Kaum noch unberührte Natur gibt es in Deutschland. Das will die Filmemacherin Lisa Eder ändern. Ihre Dokumentation „Der wilde Wald“ zeigt am Beispiel vom Nationalpark Bayerischer Wald, was zu tun ist, um die wilden Wälder zu retten. Ein Gespräch im Wald.

Klar könnten wir es auch machen wie die Menschen in Tokio. Die tapezieren sich die Wände grün. Waldbaden in der eigenen Wohnung – das ist natürlich eine Möglichkeit, das städtische Grau in Grau zu ertragen. Die schönere Variante: Wir sorgen jetzt dafür, die echten Wälder zu erhalten und ihnen wieder mehr Platz einzuräumen. Es grünt zu wenig Grün. Lisa Eder will das ändern. Nun startet ihr Dokumentarfilm „Der wilde Wald“ in den Kinos. Am Beispiel des Nationalparks Bayerischer Wald zeigt Eder, die selbst in der Region aufgewachsen ist, warum die dort gelebte Philosophie „Natur Natur sein lassen“ langfristig betrachtet wirtschaftlicher ist als das Pflanzen von schnell wachsenden Monokulturen, die man flott abholzen und verwerten kann. „Die Fichte ist da ein gutes Beispiel: Die konventionelle Forstwirtschaft setzt auf eine Fichten-Monokultur, weil diese Bäume sehr schnell wachsen und sehr schnell Ertrag bringen. Doch in trockenen Sommern hat das zur Folge, dass riesengroße Flächen von Borkenkäfern kahl gefressen werden“, erklärt Eder. Statt daraus eine Lehre zu ziehen und die Waldstruktur dahingehend zu verändern, dass der Käfer sich nicht ausbreitet, würden Milliarden in eine „zum Teil völlig unsinnige Wiederaufforstung investiert. Da werden Bäume an Stellen gepflanzt, die da nicht hingehören. Einfach nur wegen der Hoffnung auf schnellen Gewinn.“

Was also tun? Lisa Eder stellt in ihrem Film unter anderem den Förster Peter Langhammer vor, der es anders macht: Er versucht, Holzwirtschaft und den Erhalt der Artenvielfalt unter einen Hut zu bringen. Indem er Totholz zulässt beispielsweise. Denn der Begriff führt ja völlig in die Irre: Abgestorbene Bäume sind in Wahrheit voller Leben. Vielen Tieren und Pflanzen dienen sie als Nist-, Nahrungs- oder Überwinterungsplatz. Für einen gesunden Wald mit Zukunft unverzichtbar.

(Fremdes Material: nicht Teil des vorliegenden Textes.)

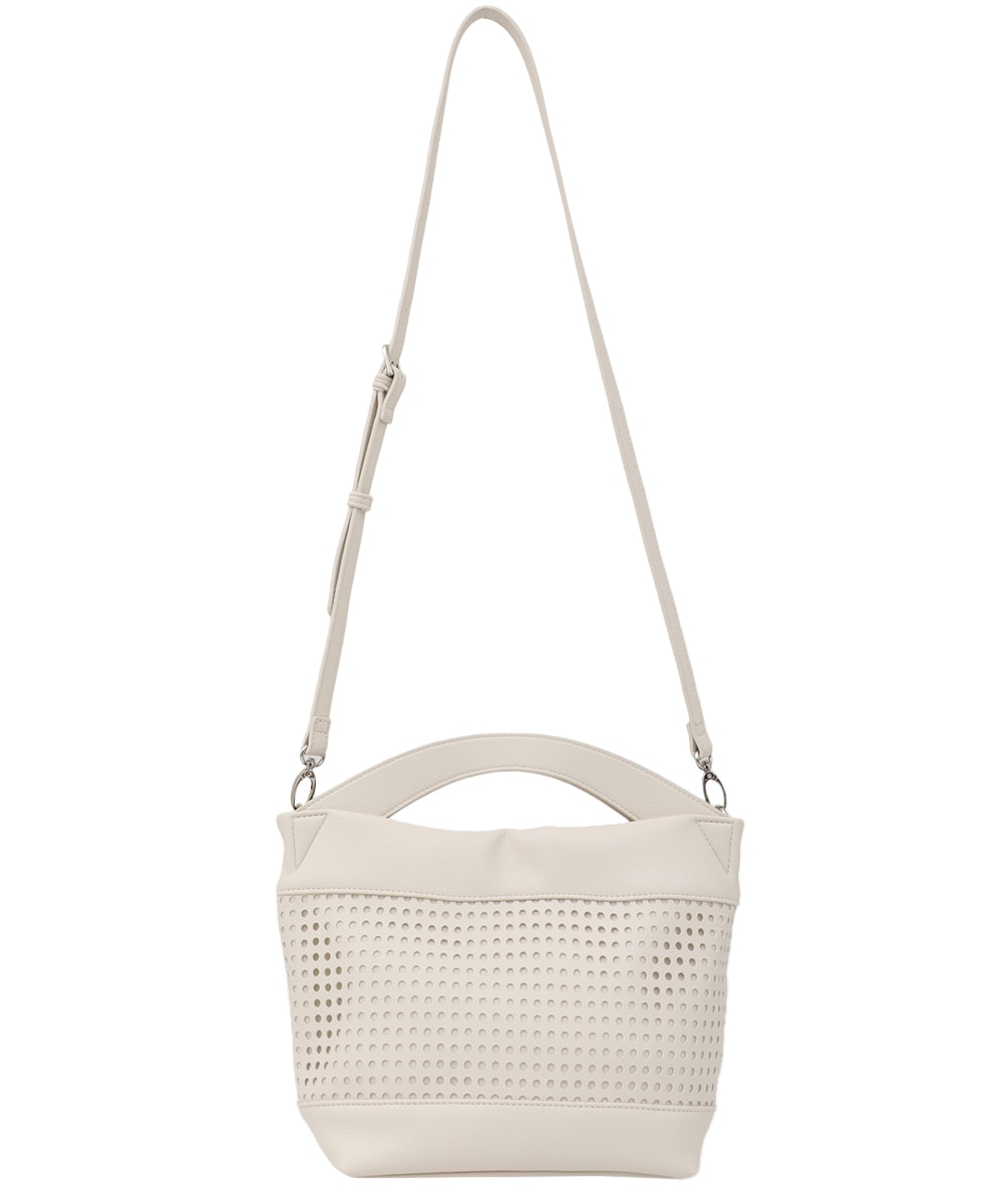 ブラウスはパンチングカットワークのデザインがポイントで、シンプルながらもおしゃれ度を格上げします。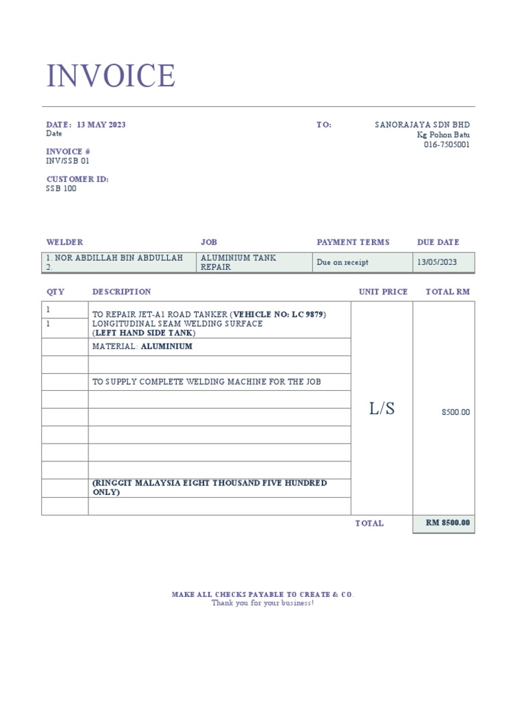 Welder Invoice Template - Edit I Download - Saldoinvoice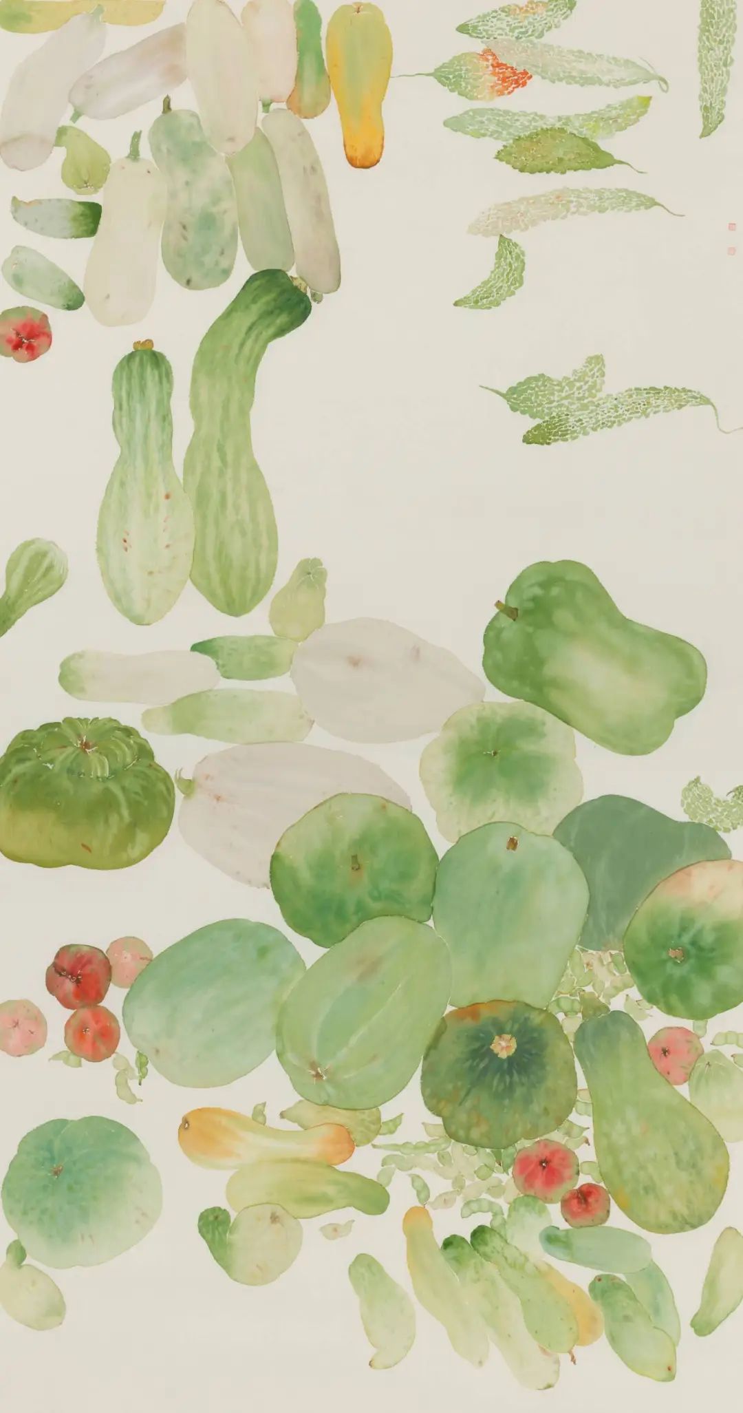 《瓜果飘香》180cm*96cm 2024年绢本设色

„Peter Langhammer erwirtschaftet mittelfristig vielleicht nicht so viel Gewinn wie andere – aber er weiß, dass sein Wald langfristig stabiler und damit auch widerstandsfähiger gegen die Folgen des Klimawandels ist“, betont Lisa Eder. „Wenn wir anfangen, unsere Wälder umzustellen, ist das ein Prozess – aber mit einem Ergebnis, von dem noch die Generationen nach uns profitieren werden.“

Regisseurin Lisa Eder und unsere Redakteurin Katja Kraft
Unsere Redakteurin Katja Kraft traf die Filmemacherin (li.) Lisa Eder zum Spaziergang an der Isar unweit des Tierparks Hellabrunn. © Astrid Schmidhuber

Eigentlich hatte man sich zu einem Spaziergang in einem wilden Wald treffen wollen. Doch den im Raum München zu finden, ist nicht leicht. „Wir müssen uns trauen, wieder mehr Wildnis zuzulassen“, findet Eder. Beim gemeinsamen Marsch durch die Isarauen deutet sie auf wunderschöne, kraftstrotzende Bäume mit dicken Stämmen. Die würde es in Wirtschaftswäldern gar nicht mehr geben, sie seien längst gefällt und zu Geld gemacht.

Auf ihrer Kinotour erlebt die Regisseurin in den Diskussionen mit Zuschauern eine große Sehnsucht nach Wald und Natur. Und viel Hilflosigkeit. Was kann der Einzelne denn schon tun, um dafür zu sorgen, dass etwa die Bundesregierung ihr erklärtes Ziel erfüllt, zehn Prozent der Staatsforste als unberührte Fläche auszuweisen? „Es geht damit los, ein Bewusstsein dafür zu schaffen, dass sich etwas verändern muss“, findet Eder. Und dann könne man durchaus auch im eigenen Umfeld etwas tun. Wohnt man in einer Stadt wie München und hat nur einen Mini-Balkon, na, dann wird eben zumindest dieser Mini-Balkon mit Blumen, die die Bienen mögen, bepflanzt.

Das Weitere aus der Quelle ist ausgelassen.